In the 1950s and 1960s, the European Movement put forward the arguments for joining the European Economic Community, and it ran a major campaign in the early 1970s, both among the general public and in parliament, to win the battle for entry. In 1975, during the referendum on membership, the European Movement played a central role in the YES campaign. Other campaigns since then have included pressing for direct elections to the European Parliament in the 1970s and promoting the benefits of the single market in the run-up to 1992.
During the 1990s, the organisation became revitalised around the need to create a new national pro-European coalition. The rise in anti-European feeling threatens to undermine Britain's place in the European Union; our exclusion from the first wave of countries joining the euro is an example of how we lose out when the pro-European case is not put strongly enough in public.
Aims and activities
The European Movement is
- A rallying point: The European Movement rallies all those who believe that European unity is vital where the peoples of Europe have interests in common such as increased trade to improve economic prosperity, an improved environment to tackle climate change, and action to combat global poverty. A politically united Europe is needed to sweep aside the petty tribalism that has historically, at the very least, been an obstacle to progress or, at its worst, has led to bitter conflict and a catastrophic loss of human life. Europe must be united as a region of law, justice and democracy, equipped with the institutions capable of achieving these ends. Members receive a regular newsletter, euromove, with information and news about Pro-European developments. In addition, the office publishes updates on campaign ideas and issues an e-mail newsletter, e-News. Members take part in lively discussions in person and online, and the European Movement maintains an informative website.
- A campaign: The Movement has since its creation in 1948 sought to build and maintain public support for the unity of Europe. In the face of a backward-looking nationalist resurgence in some quarters, this role is as vital as ever. The campaigns include public information points, working with the media, and lobbying MPs and other decision-makers. In addition to the work of the London office, the branches and national councils organise campaign activities in their own areas, as well as political discussions and social events for members.

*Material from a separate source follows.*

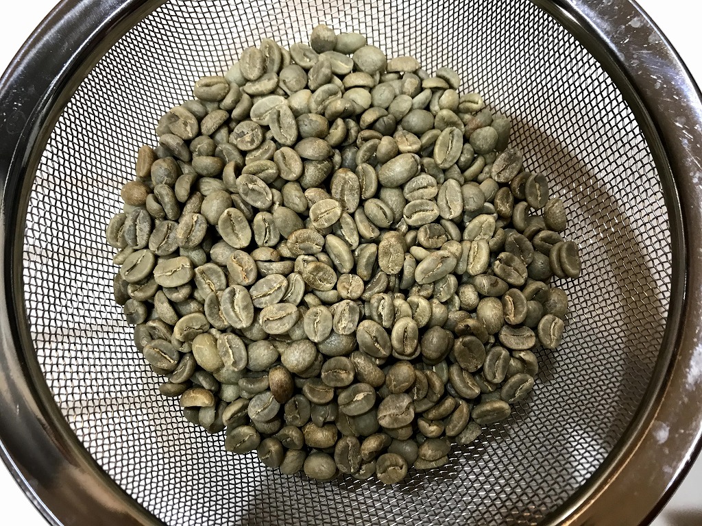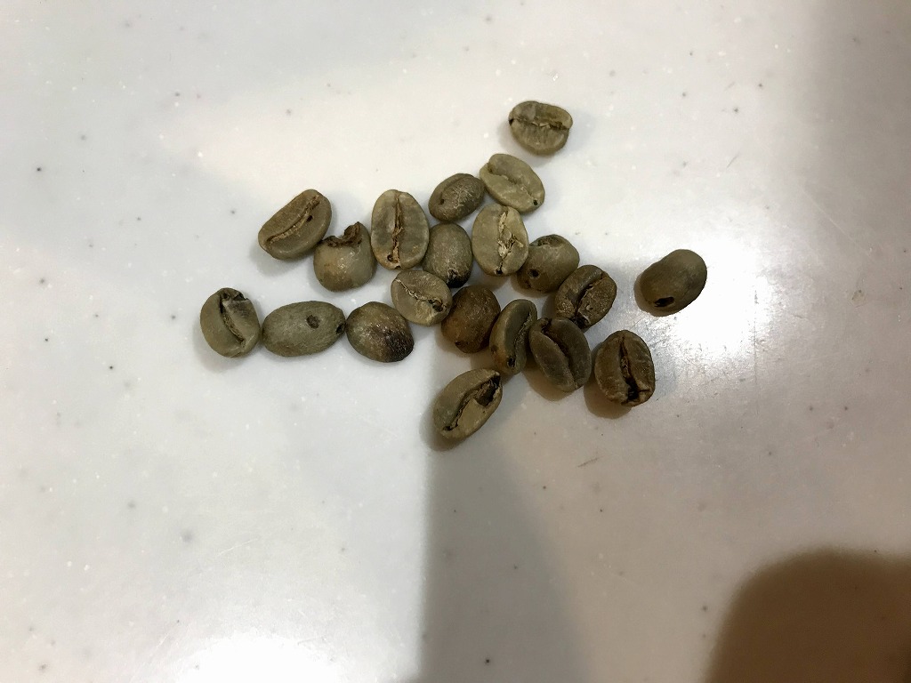 コロンビアスプレモの生豆の状態(まだ、緑色が濃くてフレッシュです。)

- A pressure group: The creation of the European Union has been an extraordinary achievement - democratic, sovereign states have created a common institutional framework in order to forge a future together based on the rule of law. But the European Movement is not the Union's information service or an apologist for its weaknesses. It must work to win support for the reforms necessary to improve its ability to meet the hopes and aspirations of its peoples.